Machine learning as a science really is a bit more general than that. The idea of learning from data to predict is also the underlying technology for generative AI. So in that case, instead of predicting per individual sort of organizational unit, it’s predicting per individual word or token, kind of part of a word. But on that level of detail, “Hey, I’ve written these words so far in the last few paragraphs. What should the next word be?” Predict that. Okay. Then write that word. That’s how you’re applying the same underlying technology, but for a different purpose in order to generate a new content item like written text or images or video, this kind of thing. So generative is also built on machine learning, but when people say machine learning in a business context, they’re usually talking about these predictive use cases.

A Case Study in ML

Predictive AI or enterprise machine learning is so applicable across industries. Let’s take the delivery industry. UPS is one of the biggest three delivery companies in the United States, and they actually streamlined the efficiency of their deliveries by predicting tomorrow’s deliveries.

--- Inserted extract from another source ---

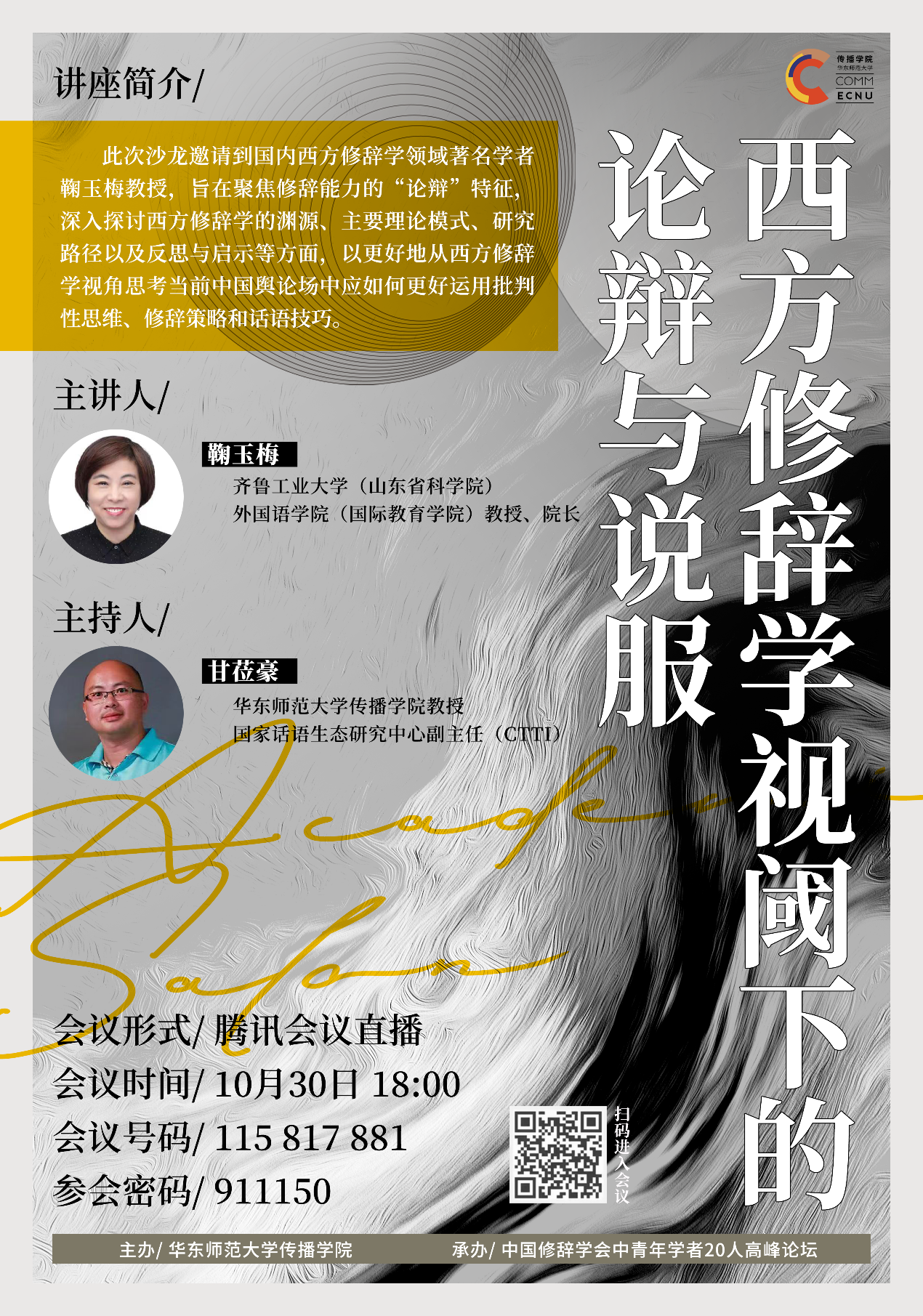 讲座旨在聚焦修辞能力的“论辩”特征,深入探讨西方修辞学的渊源、主要理论模式、研究路径及反思与启示等方面,以更好地从西方修辞学视角思考当前中国舆论场中应如何更高运用批判性思维、修辞策略和话语技巧。讲座内容主要包括修辞与劝说、论辩作为修辞实践、古典修辞论辩学说举例、当代修辞论辩学说举例,以及修辞论辩的意义与价值五个方面。

So this is how it works. In the US, there’s about a thousand shipping centers. And what they have to do every night overnight is to decide which packages to assign to which trucks so that tomorrow’s deliveries, when the trucks go out in the morning, they’ll have relatively optimal routes that don’t take too many miles of driving, too much gasoline, too many, too much time of the drivers. And in aggregate, that’s a really hard optimization problem.

Now when they have to start planning and then loading the trucks in the late afternoon or early evening so that it’ll be ready the next morning, they have incomplete information. So what they don’t know is some of the packages that are still coming in later that night. They already have a bunch of packages in hand that they know are meant to go out tomorrow morning for their final deliveries. And they’ll augment that with tentatively presumed predicted deliveries by applying a predictive model for each potential delivery address and saying, “Hey, what are the chances that there’ll be a delivery there tomorrow?” Now they have a more complete picture of all the deliveries needed for tomorrow. Some of those predictions will be wrong, but they’re confident enough that the completeness now actually overweighs some of that uncertainty. That makes such a big difference that in combination with another system that actually prescribes the driving directions, to this day, UPS enjoys savings of three hundred and fifty million dollars a year and hundreds of thousands of metric tons of emissions.